Liebeslexikon: “Z” wie Zungenkuss
Zweifel: Zweifel spielen in einem Flirt oftmals eine entscheidende Rolle. Denn wer von vornherein an seiner eigenen Person und dem Interesse des Gegenübers Zweifel hegt, wird in der Regel nicht die Initiative ergreifen und so eine oftmals vielversprechende Gelegenheit vergehen lassen. Die beste Medizin gegen Zweifel stellt das Überprüfen selbiger dar. Du bist dir nicht sicher, ob die hübsche Blondine am Tresen Interesse an dir hat? Frag sie einfach und du wirst feststellen, ob deine Zweifel begründet waren oder nicht! Keine Angst vor Rückschlägen: Lieber ein klares “Nein” als im Nachhinein lange über die verstrichene Chance zu grübeln.

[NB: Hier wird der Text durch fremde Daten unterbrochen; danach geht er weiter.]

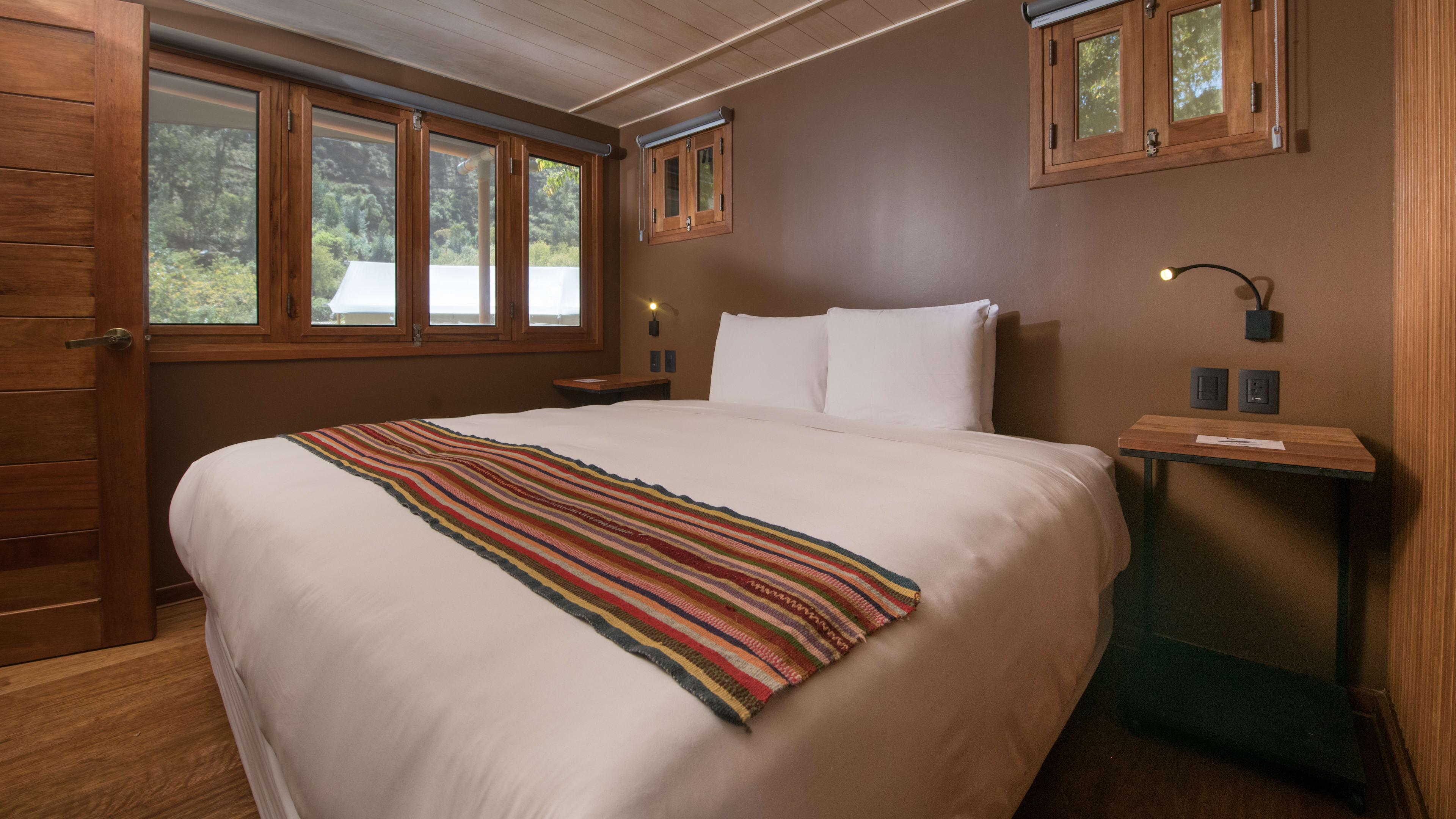Each tented lodge is surrounded by a different type of native flower, which gives your room its name (and unique aroma). As the sacred flower of the Incas and national plant of Peru, the cantuta-covered lodge is a strong choice if you’re visiting during spring (September to November), when its bright pink flowers are in bloom. There’s an African safari-style feel to every lodge, but especially in the upper bedroom of the Group Tents where you can sleep directly beneath the canvas.
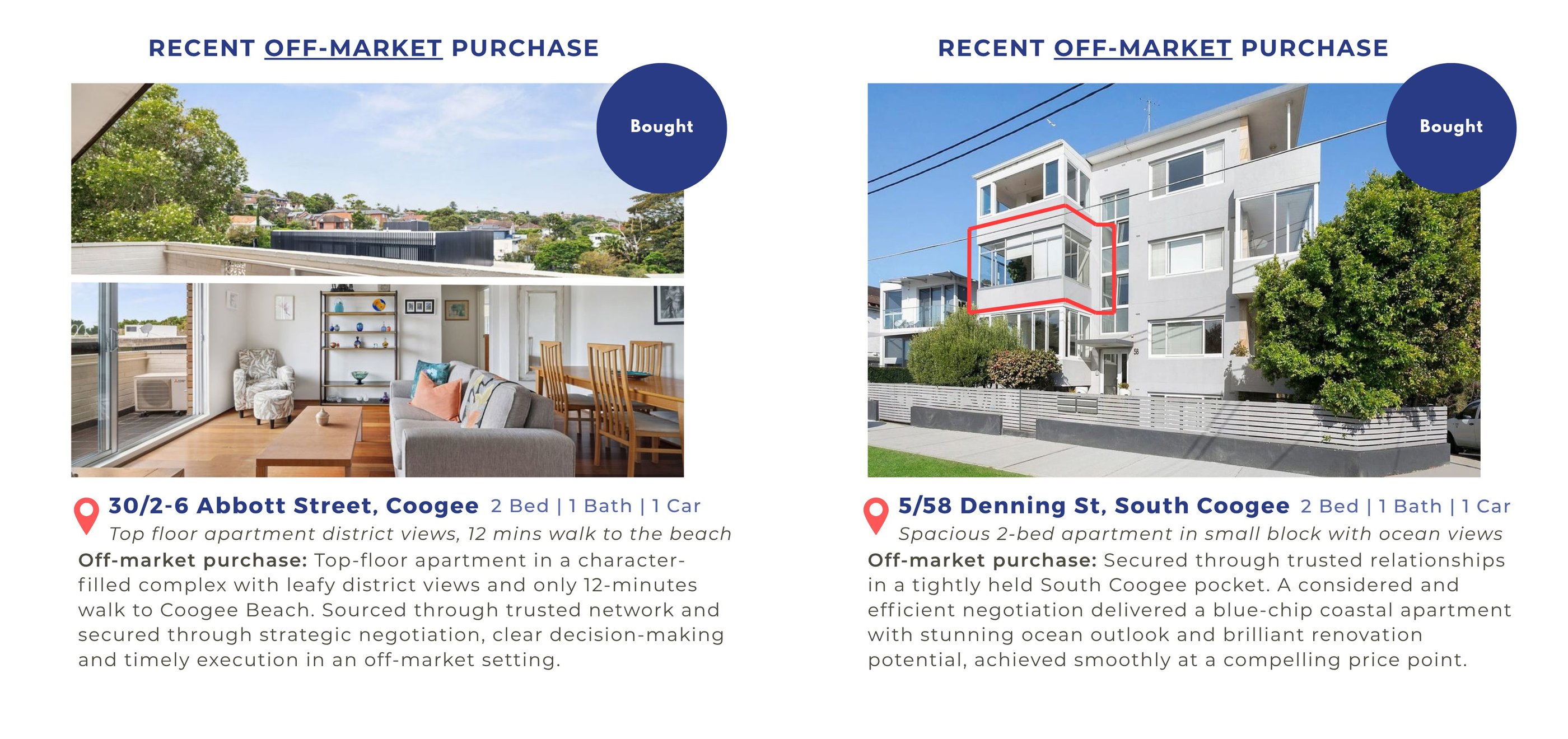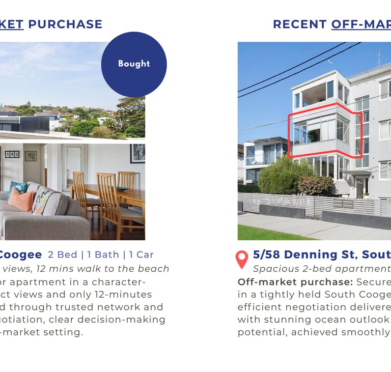 A client came to me through a referral, looking to move closer to the beach with easy access to the city where she works. She had a settlement deadline approaching and needed certainty. An opportunity surfaced through my network, a top-floor apartment in a character-filled complex with district views, available off-market. I was invited to inspect it on a Saturday. That same afternoon, I shared a video with my client. We arranged a private inspection for her on Sunday. We spent Monday working through the details, and by Tuesday we had reached an agreement. The property was secured at a strong price point relative to recent comparable sales in the building.
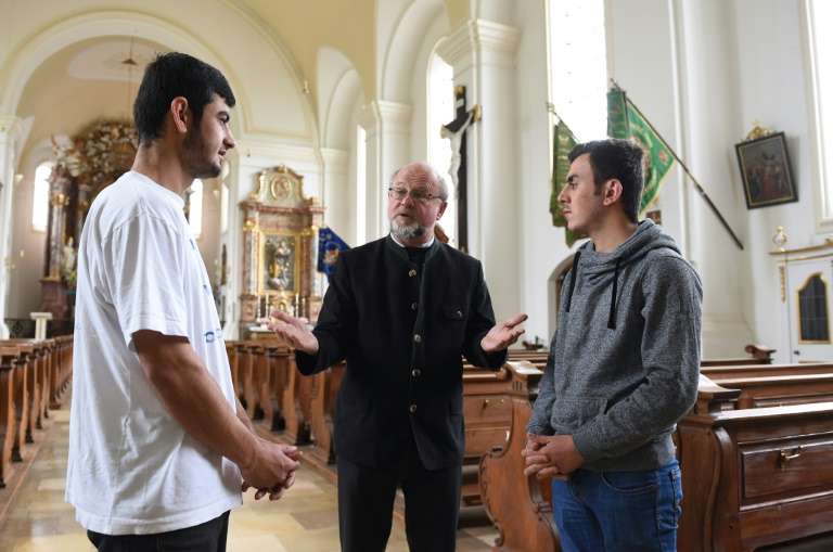 - © 2016 AFP | Crée le 26.05.2016 à 17h51 | Mis à jour le 26.05.2016 à 17h55ImprimerLe pasteur Peter Brummer s'entretient avec des migrants Peshtiwan Nasser Abdal (g) et Suud-iazdxn Arab (d), dans l'église Saint Joseph de Tutzing (sud de l'Allemagne), le 24 mai 2016
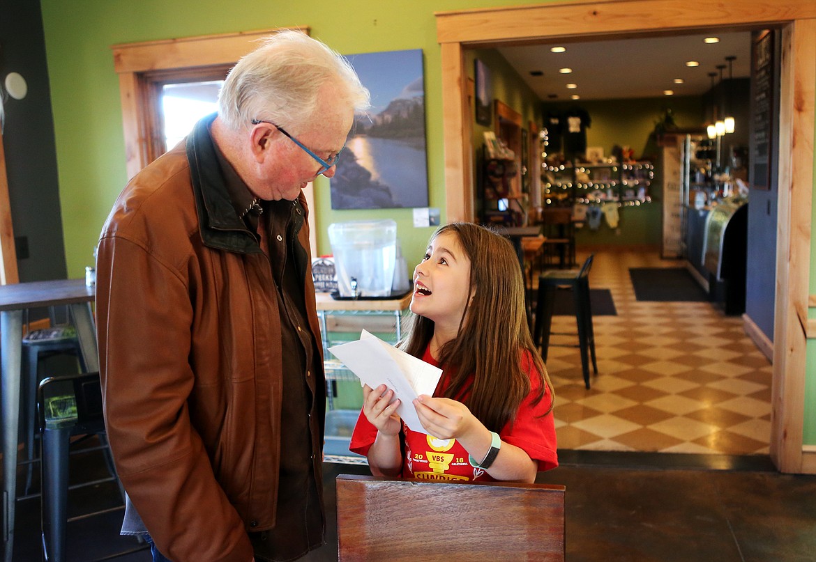 Al Stinson of Whitefish presents Courtney Rhoades with a check to help fund the purchase of a diabetic-alert dog Saturday at Glacier Perks Coffee House in Lakeside. (Mackenzie Reiss/Daily Inter Lake)
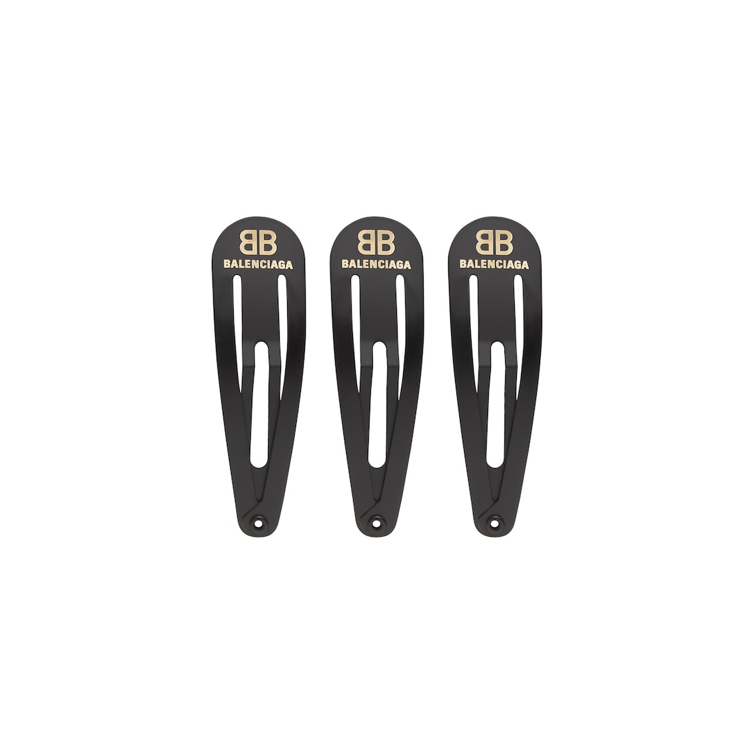 XXL XS Clip set of 3 in matte black & shiny gold steel PRODUCT DETAILS • Dimensions: L2,7 x H0,7 x W0,04 inch • Steel • Clip • Gold BB Balenciaga logo • Set of 3 • Made in Italy • Wipe with a soft cloth Material: 100% steel
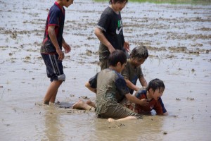 ところで、上野農場の田んぼの水は、ほかの田んぼにくらべて水が濁っています。

Zungenkuss: Wie viel Zunge ist beim Küssen eigentlich erlaubt? Eine Frage, die sich jeder sicherlich schon einmal gestellt hat. Eine allgemeingültige Antwort gibt es darauf allerdings nicht, denn Geschmäcker sind schließlich unterschiedlich. Ganz grundsätzlich lässt sich festhalten, dass gerade beim ersten Kuss etwas Vorsicht und Zurückhaltung die wohl besten Verbündeten sind. Kaum jemand freut sich über die Zunge des anderen, die sich unaufhaltsam in Richtung Mandeln schiebt. Und auch das unheilvolle Knirschen aufeinander prallender Zähne bei unbeholfenen Kussattacken wirken nicht gerade erotisierend. Also: Langsam und vorsichtig beginnen, herausfinden, was dem Partner gefallen könnte und dann steigern – als Grundrezept für den “erfolgreichen” Zungenkuss.